[DATA SECTION — start]
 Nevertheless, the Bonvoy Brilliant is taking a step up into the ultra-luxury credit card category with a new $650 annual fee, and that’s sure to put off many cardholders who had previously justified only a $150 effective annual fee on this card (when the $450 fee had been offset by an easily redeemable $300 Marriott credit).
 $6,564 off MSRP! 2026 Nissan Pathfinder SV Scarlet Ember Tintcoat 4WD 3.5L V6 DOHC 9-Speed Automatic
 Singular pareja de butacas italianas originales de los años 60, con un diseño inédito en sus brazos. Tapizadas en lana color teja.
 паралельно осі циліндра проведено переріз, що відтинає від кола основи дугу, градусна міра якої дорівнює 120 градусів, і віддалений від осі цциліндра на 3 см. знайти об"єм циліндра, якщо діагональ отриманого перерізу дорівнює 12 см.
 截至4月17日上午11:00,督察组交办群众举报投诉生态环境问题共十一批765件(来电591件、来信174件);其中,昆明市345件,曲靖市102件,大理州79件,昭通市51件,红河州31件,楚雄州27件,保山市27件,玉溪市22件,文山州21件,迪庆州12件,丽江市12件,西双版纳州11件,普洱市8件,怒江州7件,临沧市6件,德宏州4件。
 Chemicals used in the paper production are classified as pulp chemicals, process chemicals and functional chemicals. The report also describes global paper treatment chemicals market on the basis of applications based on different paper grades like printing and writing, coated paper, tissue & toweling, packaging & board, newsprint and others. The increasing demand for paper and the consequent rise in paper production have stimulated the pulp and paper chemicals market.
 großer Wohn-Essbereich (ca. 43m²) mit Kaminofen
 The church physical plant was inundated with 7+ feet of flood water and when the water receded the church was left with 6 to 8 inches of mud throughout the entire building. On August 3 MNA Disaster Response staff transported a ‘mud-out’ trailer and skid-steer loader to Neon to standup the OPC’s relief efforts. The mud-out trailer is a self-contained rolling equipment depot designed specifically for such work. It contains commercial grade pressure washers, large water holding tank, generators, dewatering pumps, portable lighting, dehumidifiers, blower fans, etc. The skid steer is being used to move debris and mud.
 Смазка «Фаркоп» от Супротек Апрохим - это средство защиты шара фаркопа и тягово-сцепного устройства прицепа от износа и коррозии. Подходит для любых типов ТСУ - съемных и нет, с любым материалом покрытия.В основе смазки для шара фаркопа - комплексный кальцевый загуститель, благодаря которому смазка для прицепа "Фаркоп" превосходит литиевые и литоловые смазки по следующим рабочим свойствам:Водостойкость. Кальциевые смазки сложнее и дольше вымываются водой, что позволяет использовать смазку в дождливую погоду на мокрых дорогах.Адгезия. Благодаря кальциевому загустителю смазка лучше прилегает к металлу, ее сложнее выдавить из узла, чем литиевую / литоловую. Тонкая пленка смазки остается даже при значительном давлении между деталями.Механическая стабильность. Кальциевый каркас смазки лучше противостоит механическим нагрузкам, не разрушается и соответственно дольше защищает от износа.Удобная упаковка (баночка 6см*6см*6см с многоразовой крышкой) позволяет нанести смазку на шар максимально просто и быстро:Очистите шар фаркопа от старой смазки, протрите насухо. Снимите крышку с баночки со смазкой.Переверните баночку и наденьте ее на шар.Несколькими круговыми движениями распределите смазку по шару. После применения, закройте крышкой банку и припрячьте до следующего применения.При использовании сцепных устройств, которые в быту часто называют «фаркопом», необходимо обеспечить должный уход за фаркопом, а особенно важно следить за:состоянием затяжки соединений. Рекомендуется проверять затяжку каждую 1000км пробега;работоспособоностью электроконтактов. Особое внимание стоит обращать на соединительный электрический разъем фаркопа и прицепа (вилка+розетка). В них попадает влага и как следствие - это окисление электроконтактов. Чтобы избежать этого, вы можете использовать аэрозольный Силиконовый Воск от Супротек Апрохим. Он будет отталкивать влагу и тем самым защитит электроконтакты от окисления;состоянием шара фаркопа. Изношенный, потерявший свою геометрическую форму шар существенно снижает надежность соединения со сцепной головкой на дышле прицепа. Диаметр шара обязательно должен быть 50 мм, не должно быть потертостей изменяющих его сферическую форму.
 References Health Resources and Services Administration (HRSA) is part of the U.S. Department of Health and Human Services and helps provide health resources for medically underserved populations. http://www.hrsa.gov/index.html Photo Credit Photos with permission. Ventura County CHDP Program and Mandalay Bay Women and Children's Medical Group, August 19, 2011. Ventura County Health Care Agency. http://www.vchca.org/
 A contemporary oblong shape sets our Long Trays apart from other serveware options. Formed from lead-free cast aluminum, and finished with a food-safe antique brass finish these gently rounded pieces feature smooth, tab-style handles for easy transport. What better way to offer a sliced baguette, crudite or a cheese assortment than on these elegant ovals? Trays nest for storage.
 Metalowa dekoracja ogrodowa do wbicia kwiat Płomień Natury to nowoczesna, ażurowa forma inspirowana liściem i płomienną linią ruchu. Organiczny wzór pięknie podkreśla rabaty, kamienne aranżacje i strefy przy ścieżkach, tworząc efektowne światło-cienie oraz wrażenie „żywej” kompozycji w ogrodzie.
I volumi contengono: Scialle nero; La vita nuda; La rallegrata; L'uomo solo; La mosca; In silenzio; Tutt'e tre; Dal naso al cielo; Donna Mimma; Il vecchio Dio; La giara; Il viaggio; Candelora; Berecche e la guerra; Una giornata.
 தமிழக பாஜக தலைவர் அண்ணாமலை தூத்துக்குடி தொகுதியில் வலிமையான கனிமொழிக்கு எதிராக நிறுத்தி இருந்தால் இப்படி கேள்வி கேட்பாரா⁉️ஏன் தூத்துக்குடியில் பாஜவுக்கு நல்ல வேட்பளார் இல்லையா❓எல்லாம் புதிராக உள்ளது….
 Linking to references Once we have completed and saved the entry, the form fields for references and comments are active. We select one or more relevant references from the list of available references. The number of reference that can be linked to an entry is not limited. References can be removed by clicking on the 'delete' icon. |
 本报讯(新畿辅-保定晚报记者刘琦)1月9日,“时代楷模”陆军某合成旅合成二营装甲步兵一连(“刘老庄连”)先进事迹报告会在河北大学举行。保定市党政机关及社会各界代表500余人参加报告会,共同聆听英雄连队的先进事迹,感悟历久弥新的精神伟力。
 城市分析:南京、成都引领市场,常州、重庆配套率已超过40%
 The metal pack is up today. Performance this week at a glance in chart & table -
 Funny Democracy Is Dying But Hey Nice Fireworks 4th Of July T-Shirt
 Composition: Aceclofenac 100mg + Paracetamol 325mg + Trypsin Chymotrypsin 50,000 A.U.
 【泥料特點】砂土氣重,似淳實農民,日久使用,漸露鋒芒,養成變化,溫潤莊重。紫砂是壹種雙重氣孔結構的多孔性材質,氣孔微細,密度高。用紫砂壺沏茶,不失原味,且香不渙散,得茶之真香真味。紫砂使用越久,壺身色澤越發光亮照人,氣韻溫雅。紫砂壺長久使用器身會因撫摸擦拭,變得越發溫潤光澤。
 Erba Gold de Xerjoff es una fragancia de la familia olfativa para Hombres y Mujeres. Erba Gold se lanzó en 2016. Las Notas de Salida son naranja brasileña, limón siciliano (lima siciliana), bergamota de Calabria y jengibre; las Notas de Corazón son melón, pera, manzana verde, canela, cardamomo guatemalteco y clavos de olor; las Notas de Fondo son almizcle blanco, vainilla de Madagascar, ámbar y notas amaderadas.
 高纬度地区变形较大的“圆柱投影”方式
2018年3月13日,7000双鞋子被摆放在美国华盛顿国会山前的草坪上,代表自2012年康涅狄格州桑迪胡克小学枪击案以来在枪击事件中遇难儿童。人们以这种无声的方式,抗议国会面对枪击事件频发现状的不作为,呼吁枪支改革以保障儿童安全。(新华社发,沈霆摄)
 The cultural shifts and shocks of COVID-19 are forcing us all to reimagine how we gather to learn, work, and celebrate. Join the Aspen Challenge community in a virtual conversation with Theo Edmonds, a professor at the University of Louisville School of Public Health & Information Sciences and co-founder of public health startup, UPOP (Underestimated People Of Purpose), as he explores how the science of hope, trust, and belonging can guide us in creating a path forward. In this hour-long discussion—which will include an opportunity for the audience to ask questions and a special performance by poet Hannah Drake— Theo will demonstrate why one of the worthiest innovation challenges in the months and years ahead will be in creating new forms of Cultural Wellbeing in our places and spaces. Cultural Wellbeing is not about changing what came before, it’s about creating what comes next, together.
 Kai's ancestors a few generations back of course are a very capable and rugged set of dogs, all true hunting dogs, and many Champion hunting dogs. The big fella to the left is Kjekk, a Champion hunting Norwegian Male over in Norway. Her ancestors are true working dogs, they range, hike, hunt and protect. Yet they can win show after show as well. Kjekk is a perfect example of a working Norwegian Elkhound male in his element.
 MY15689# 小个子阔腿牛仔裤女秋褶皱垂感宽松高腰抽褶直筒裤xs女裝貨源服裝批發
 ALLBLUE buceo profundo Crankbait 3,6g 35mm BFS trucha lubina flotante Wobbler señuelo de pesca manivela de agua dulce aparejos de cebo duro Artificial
[DATA SECTION — finish]
● AIM OF THE EXERCISE
Everything from the first line of the entries above through the line with "截至4月17日上午11:00" is to be reproduced exactly, and nothing else.

● TASK SOLUTION
 Nevertheless, the Bonvoy Brilliant is taking a step up into the ultra-luxury credit card category with a new $650 annual fee, and that’s sure to put off many cardholders who had previously justified only a $150 effective annual fee on this card (when the $450 fee had been offset by an easily redeemable $300 Marriott credit).
 $6,564 off MSRP! 2026 Nissan Pathfinder SV Scarlet Ember Tintcoat 4WD 3.5L V6 DOHC 9-Speed Automatic
 Singular pareja de butacas italianas originales de los años 60, con un diseño inédito en sus brazos. Tapizadas en lana color teja.
 паралельно осі циліндра проведено переріз, що відтинає від кола основи дугу, градусна міра якої дорівнює 120 градусів, і віддалений від осі цциліндра на 3 см. знайти об"єм циліндра, якщо діагональ отриманого перерізу дорівнює 12 см.
 截至4月17日上午11:00,督察组交办群众举报投诉生态环境问题共十一批765件(来电591件、来信174件);其中,昆明市345件,曲靖市102件,大理州79件,昭通市51件,红河州31件,楚雄州27件,保山市27件,玉溪市22件,文山州21件,迪庆州12件,丽江市12件,西双版纳州11件,普洱市8件,怒江州7件,临沧市6件,德宏州4件。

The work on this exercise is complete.